**Information supplied:**
★ ★ ★ ★ ★ ★ ★
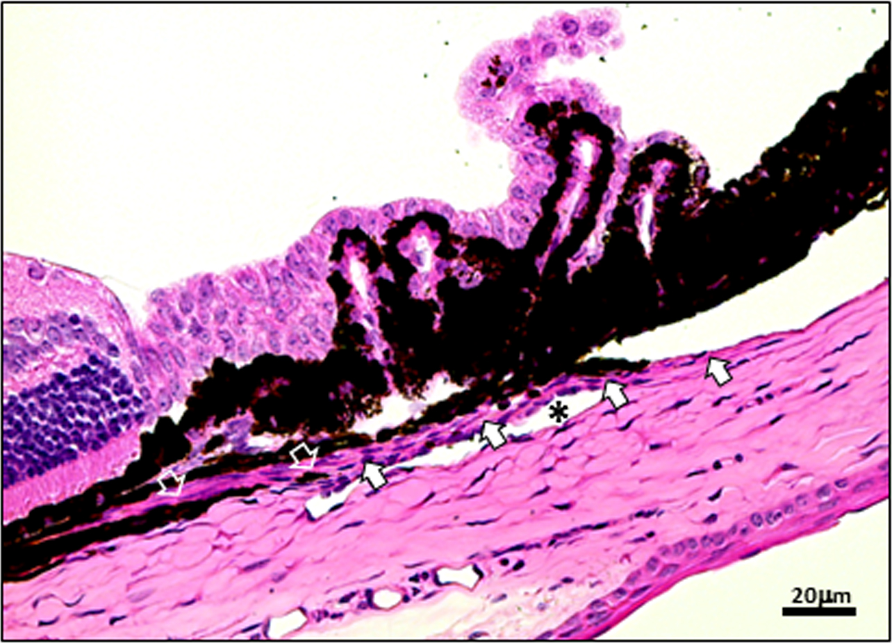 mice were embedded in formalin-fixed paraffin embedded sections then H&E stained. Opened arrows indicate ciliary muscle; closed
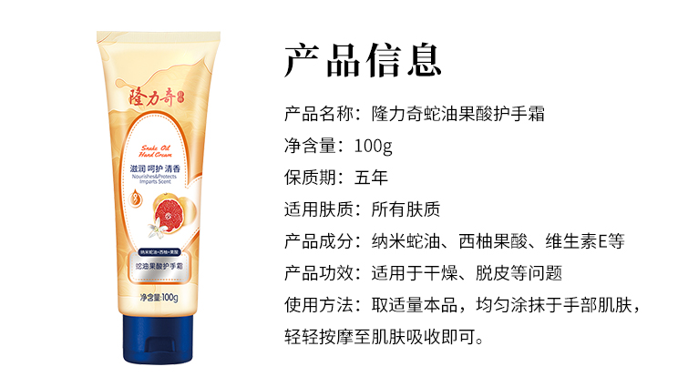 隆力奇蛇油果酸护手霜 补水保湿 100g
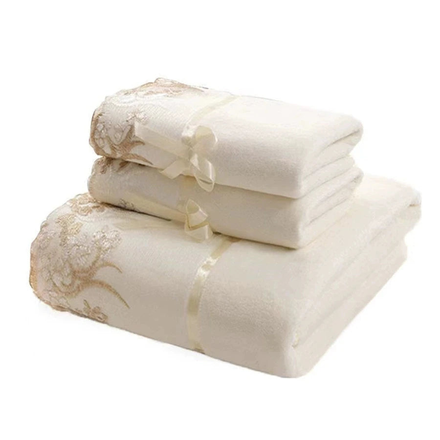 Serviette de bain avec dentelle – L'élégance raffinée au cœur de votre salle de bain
★ ★ ★ ★ ★ ★ ★
Leave the pictures out and restate the listing word for word.

**Exercise response:**
 mice were embedded in formalin-fixed paraffin embedded sections then H&E stained. Opened arrows indicate ciliary muscle; closed
 隆力奇蛇油果酸护手霜 补水保湿 100g
 Serviette de bain avec dentelle – L'élégance raffinée au cœur de votre salle de bain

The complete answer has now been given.